# No Pressure Relief On Tankless



## MACPLUMB777 (Jun 18, 2008)

EAST GRANBY, Conn. - East Granby fire officials say an explosion that critically injured a couple last year was caused by a lack of pressure release valves in the home's hot water heater.

The November explosion caused second- and third-degree burns to homeowners Lori and Ken Sullivan and to contractor Michael Alleana.

Fire Marshal Kenneth Beliveau told The Hartford Courant that there should have been more than one valve to reduce pressure on the hot water heater. He says the Sullivans and Alleana were installing a tankless, "quick-fire" hot water heater when a spark ignited escaping gas, triggering the explosion.

SORRY I SHOULD HAVE CHECKED THIS STORY OUT BEFORE POSTING IT !

HAD TO DO WITH PROPANE GAS LEAK EXPLOSION WHILE TANKLESS WATER HEATER WAS BEING INSTALLED !
"NOT" T&P RELIEF VALVE JERRYMAC


----------



## GREENPLUM (Jul 27, 2008)

JERRYMAC said:


> EAST GRANBY, Conn. - East Granby fire officials say an explosion that critically injured a couple last year was caused by a lack of pressure release valves in the home's hot water heater.
> 
> The November explosion caused second- and third-degree burns to homeowners Lori and Ken Sullivan and to contractor Michael Alleana.
> 
> Fire Marshal Kenneth Beliveau told The Hartford Courant that there should have been more than one valve to reduce pressure on the hot water heater. He says the Sullivans and Alleana were installing a tankless, "quick-fire" hot water heater when a spark ignited escaping gas, triggering the explosion.

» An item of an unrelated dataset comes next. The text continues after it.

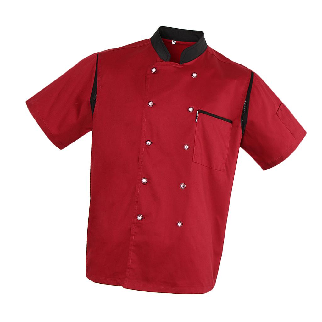 Unisex Chef Jacket Mesh Short Sleeves Hotel Kitchen Chefwear Coat 2XL Red

What does a Pressure Release Valve hafta do with it? "quick-fire" is that brand specific?


----------



## aero1 (Feb 13, 2009)

sounds like an idiot install.


----------



## Protech (Sep 22, 2008)

"Contractor".....does that mean plumbing contractor? If not, someones going to have allot of explaining to do.


----------



## TheMaster (Jun 12, 2009)

Sounds like they connected a water heater to a high pressure gas line without a pressure regulator,for some reason it leaked either due to the high pressure or there was just a gas leak close by. I dont think it had anything to do with a T&P valve but would like to hear the entire story.


----------



## Double-A (Aug 17, 2008)

JERRYMAC said:


> EAST GRANBY, Conn. - East Granby fire officials say an explosion that critically injured a couple last year was caused by a lack of pressure release valves in the home's hot water heater.
> 
> 
> 
> SORRY I SHOULD HAVE CHECKED THIS STORY OUT BEFORE POSTING IT !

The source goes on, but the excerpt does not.